There may be a preprocessing step prior to passing the image/volume into the registration model. During this step, the shape of an image volume and a voxel spacing is updated and standardized. The standardizing component 160 may adjust or determine a center or axis of the images or volumes, adjust the size of or scale the image (dimensions in pixels, volumetric pixel or voxels), and determine a spacing, origin, direction, and shape of the unregistered image. The standardizing component 160 standardizes the images to a common shape and voxel spacing, focusing on the head region of a CTB. The standardization component 160 may perform image analysis on the images for error detection. The system may calculate the real-world parameters of the raw, unregistered image based on features in the unregistered image so as to enable these parameters to be adjusted by the image registration system. At the time that the unregistered image is provided as an input, the image registration system may not have information on the orientation of each raw, unregistered image or only a portion of such information is supplied by the imager 120. In an example, image orientation data is stored in the DICOM metadata. The 3D spatial tensor is created from information within the DICOM headers In an implementation, the standardization component 160 may calculate the initial positioning of the raw, unregistered image based on features and symmetry and generate a 3D spatial tensor (as a data structure containing the position and orientation vectors) that is provided as an output of the standardization component 160. The calculations, definition, or analysis of the position may be performed by a separate trained machine learning model. The correction component may at least adjust the size of the received image or volume by re-sampling the image to arrive at the predetermined size.

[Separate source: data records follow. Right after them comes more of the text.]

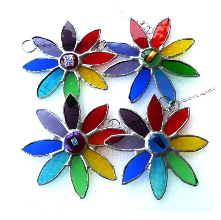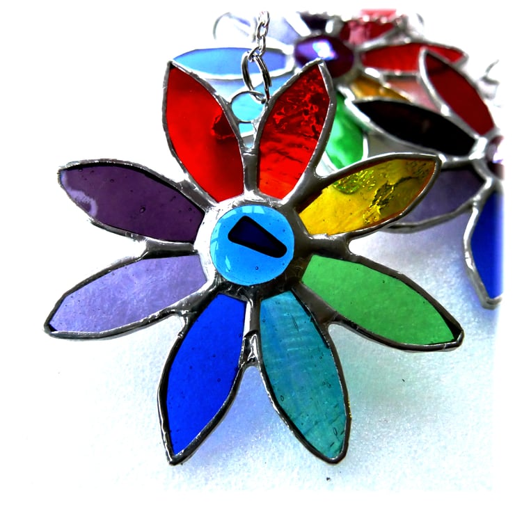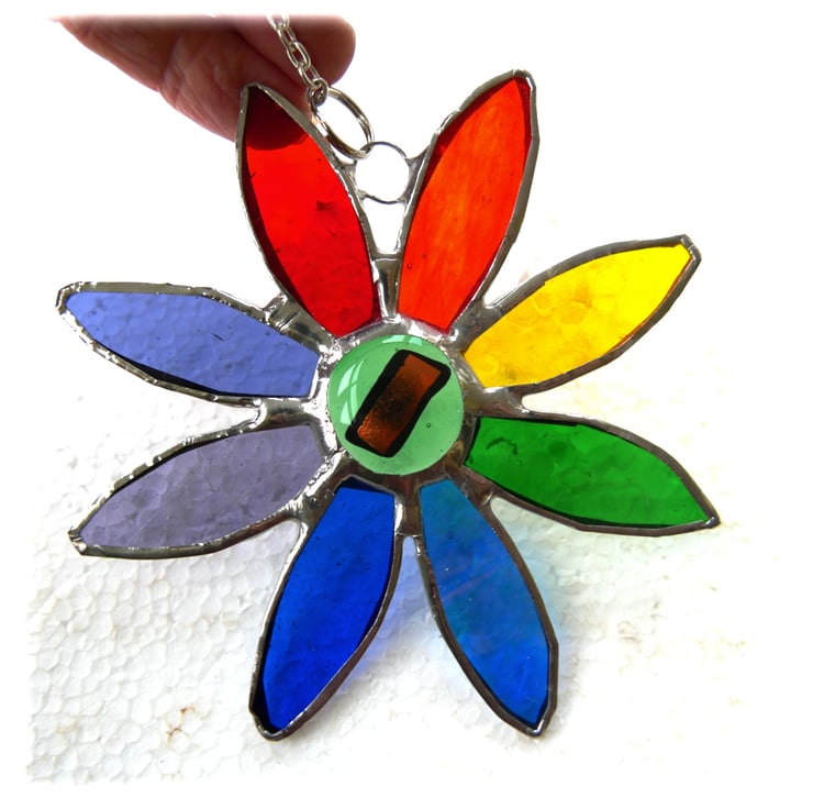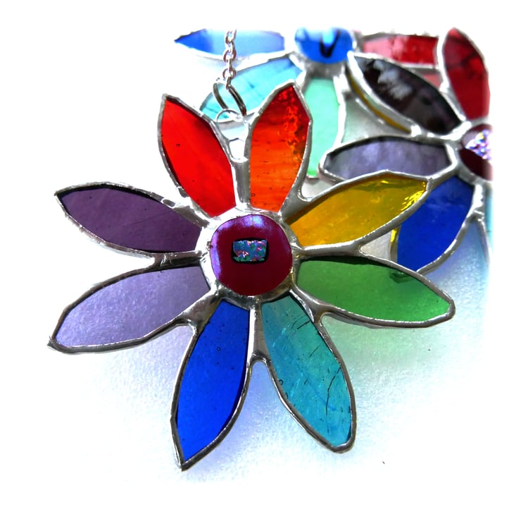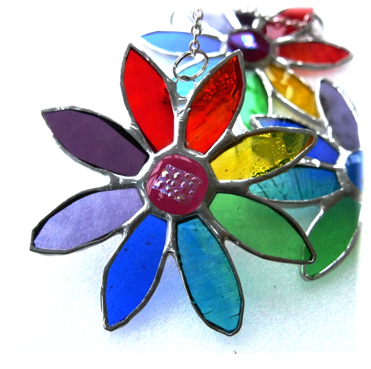 Rainbow Daisy Suncatcher Stained Glass Flower Dichroic Nugget
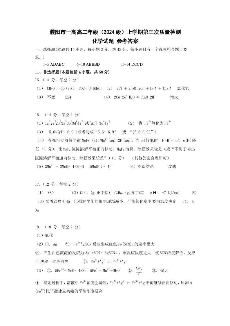 高二化学答案--河南省濮阳市第一高级中学2025-2026学年高二上学期1月月考
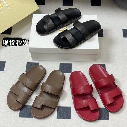 2025夏季row夹脚鞋男女款真皮度假沙滩平底凉拖鞋休闲百搭凉鞋潮
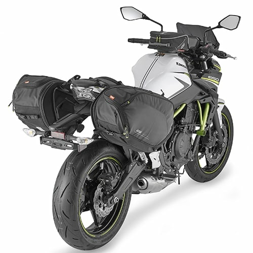 Set genti laterale Givi extensibile de 30 litri Genti laterale practice si versatile, ideale pentru ture scurte sau de weekend. Volumul fiecarei genti este extensibil de la 20 la 30 litri, oferind flexibilitate in functie de necesarul de bagaj. Materiale: Poliester 600D PU cu tratament W R (rezistent la apa) Insertii din PU Elemente reflectorizante negre (piping si printuri) Material reflectorizant negru mat pentru un aspect discret si vizibilitate sporita Dotari standard: 1 buzunar frontal exterior cu fermoar, echipat cu sistem de blocare a cursorului pentru a preveni fluturarea in timpul mersului Printuri reflectorizante pentru vizibilitate crescuta Design extensibil: capacitate ajustabila intre 20 si 30 litri Ranfort interior detasabil pentru mentinerea formei Husa interioara impermeabila, galben fluo, pentru protectie completa impotriva apei Chingi de compresie a incarcaturii , ajuta si la fixarea gentilor de cadrul lateral Sistem de prindere cu inel dublu si chingi care se monteaza sub sa Insertii reflectorizante pentru vizibilitate pe timp de noapte Cordelina elastica multifunctionala pentru atasarea incarcaturii suplimentare
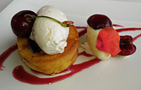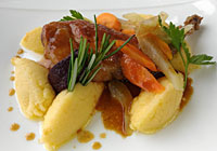 Sylvain, le chef propriétaire, et son épouse ont acheté ce restaurant en 2005. Le premier officie à la cuisine et la seconde supervise le service de salle, entre autres. Il nous a régalés avec cuisse de lapin… un baba au rhum composé de trois mini-babas superbement trempés de sirop parfumé au rhum ancien.

The standardized unregistered image with positioning information may be transmitted to the trained deep learning component 170. The deep learning component 170 may receive this unregistered image as the only input for the deep learning based image registration process. In an implementation, the deep learning component 170 may select an appropriate model (any one from a plurality of trained AI models) if different models are available. For example, if the unregistered image provided as an input to the deep learning component 170 is a brain CT image, then the deep learning component 170 selects and deploys a trained deep learning model that was trained to register unregistered brain CT images. The trained deep learning component 170 may then predict (by calculating), by executing the trained machine learning logic, an affine transform to rotate and/or translate the unregistered medical image. The affine/rigid transform predicted by the deep learning component 170 and the standardized, registered image from the correction component 160 are then transmitted as inputs to the 3D interpolation component 180. The 3D interpolation component 180 then applies the predicted affine/rigid transform by re-sampling, via interpolation, the unregistered medical image into the new orientation as defined by the affine transform and the unregistered medical images' 3D spatial tensor. The re-sampled image is then the registered image with an orientation matching that of the template image 111. This re-sampled image is output from the 3D interpolation component 180 and is considered the registered image or volume. The registered image or volume may be transmitted further to a display for a physician to review, be included in a training dataset to train an AI model to classify and segment medical images, or be sent to image analyzer 190 comprising a deep learning model for predicting the presence of diseases and injuries in medical images or localizing or segmenting detected diseases and injuries in medical images.

In FIG. 2 the flow of information between components as described above within the medical computers 150 is illustrated in more detail. Initially a raw image 210 from the imagers 120 is input (e.g., a Digital Imaging and Communications in Medicine (DICOM file)) along with any metadata stored in the file's header describing the imager's 120 type, settings and parameters. The standardization component 160 receives the raw, unregistered image 210 and calculates the position matrix for the image in 2D or 3D, as the case may be, and resizes the raw, unregistered image 210. The standardized unregistered image (if resized, for example) or the raw, unregistered image 210 may be provided to the trained deep learning component 170 which may input the image into several different models trained on different aspects of the image. First, the deep learning component 170 may determine the relevant part of the body in the image and then select a corresponding set of trained models. The trained models may be arranged or connected in an ensemble as illustrated in FIG. 5, for example. Each of the trained models for the relevant body part may receive the medical image and calculate an affine transform for image registration in parallel with each other.

After the ensemble of models (or a single model) has agreed upon an affine/rigid transform, the calculated 3D transform is output to the 3D interpolation component 180 from the deep learning component 170. The 3D interpolation component 180 also receives or retrieves the raw, unregistered image or standardized image along with the affine transform. The 3D interpolation component 180 then resamples the unregistered/standardized image based on the rigid transform (i.e., at positions defined by a affine transform). The 3D interpolation component 180 may perform such interpolation on 2D images, 3D volumes, and 2D slices of 3D volumes. The transformed image is a rigid transformation of the original with rotations or translations applied. This transformed image is the registered image corresponding to the unregistered image. The transformed image may be output to a test component 220 for validation and to an image analyzer 190 for automated detection of diseases and injuries. Additionally or alternatively, the transformed image may be output at output 230 to a physician or radiologist. The test component 220 may provide feedback, warnings or flags to the 3D interpolation component 180 if the registered image cannot be validated (e.g., is distorted).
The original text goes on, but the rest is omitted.